Similar stories of botanical theft played out globally. Robert Fortune’s expeditions to China between 1843 and 1860 were explicitly commissioned by the British East India Company to steal tea plants and processing secrets, breaking China’s tea monopoly. Traveling in disguise, Fortune collected tea plants, hired Chinese tea workers (often through deception), and established them in British India. This act of industrial espionage transformed the global tea trade, enriching Britain while undermining Chinese economic power. The tea plantations established in Assam and Ceylon became foundations of imperial wealth, operated through exploitative labor systems that persisted well into the 20th century.

The cinchona tree, source of quinine essential for treating malaria, was smuggled from South America to European colonies in Asia and Africa. While quinine undoubtedly saved European lives and enabled tropical medicine, its theft represented another instance of appropriating indigenous knowledge and resources for imperial benefit. Indigenous South American peoples had used cinchona bark medicinally for generations, knowledge that was extracted and commercialized without compensation.

Plant hunters operated explicitly as agents of empire. Their expeditions were funded by colonial governments, commercial interests, or botanical institutions serving imperial objectives. Their instructions often included gathering intelligence about local resources, populations, and potential for colonization alongside their botanical work. The maps they drew, the reports they filed, and the relationships they established with local populations all served imperial expansion.

Yet these plant hunters themselves often died young of disease, accident, or violence. The death toll among European collectors was extraordinarily high—tropical diseases, dangerous travel conditions, and sometimes hostile receptions from peoples understandably resentful of foreign intrusion claimed many lives. David Douglas (for whom the Douglas fir is named) died at age 35, gored by a bull in a pit trap in Hawaii. Frank Kingdon-Ward survived numerous near-death experiences during decades of collecting in Asia. The collectors often displayed remarkable courage and endurance.

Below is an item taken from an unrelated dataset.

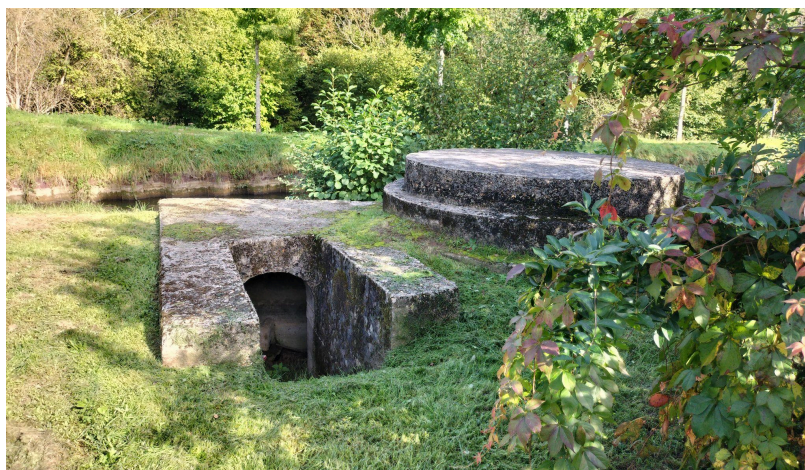
Casemate pour mitrailleuse Hotchkiss à Varinfroy, protégeant un pont sur l'Ourcq, état 2023.

Pendant les 9 mois de la Drôle de Guerre, les ouvriers militaires, souvent des anciens combattants de la Grande Guerre travaillant dans Paris et ses alentours, vont œuvrer à la construction de fossés anti-chars, casemates, systèmes d'inondations, postes d'observations etc... Les blockhaus pour canons anti-chars sont faiblement gardés et doivent en principe servir de point d'appui à des unités se repliant sur Paris et éviter la situation délicate de la Bataille de la Marne en 1914. Les moyens alloués à la Position de Défense sont faibles, on manque de main d'oeuvre, de canons et mitrailleuses.

However, the local guides, porters, translators, and informants who made these expeditions possible rarely received credit and faced even greater dangers. These indigenous experts provided the knowledge that enabled European collectors to find valuable plants, navigate unfamiliar terrain, and survive in challenging environments. Yet they remain largely anonymous in historical records. The “discoveries” attributed to European plant hunters were almost always enabled by local knowledge freely given or coerced from indigenous peoples.

The Victorian obsession with exotic plants also drove unsustainable collection that threatened wild populations. Orchid hunters devastated populations of rare species, sometimes destroying entire forest sections to collect particularly prized specimens while eliminating competitors’ access to the same resources. The commercial orchid trade created artificial scarcity and drove some species toward extinction. Similar dynamics affected other coveted ornamentals, including certain palms, ferns, and flowering plants.

The period also saw the beginning of biological invasions that would have lasting ecological consequences. Plants introduced for ornamental or agricultural purposes sometimes escaped cultivation and became invasive species, displacing native plants and disrupting ecosystems. Victorian botanical enthusiasts rarely considered ecological consequences, viewing nature as something to be conquered and rearranged according to human desires.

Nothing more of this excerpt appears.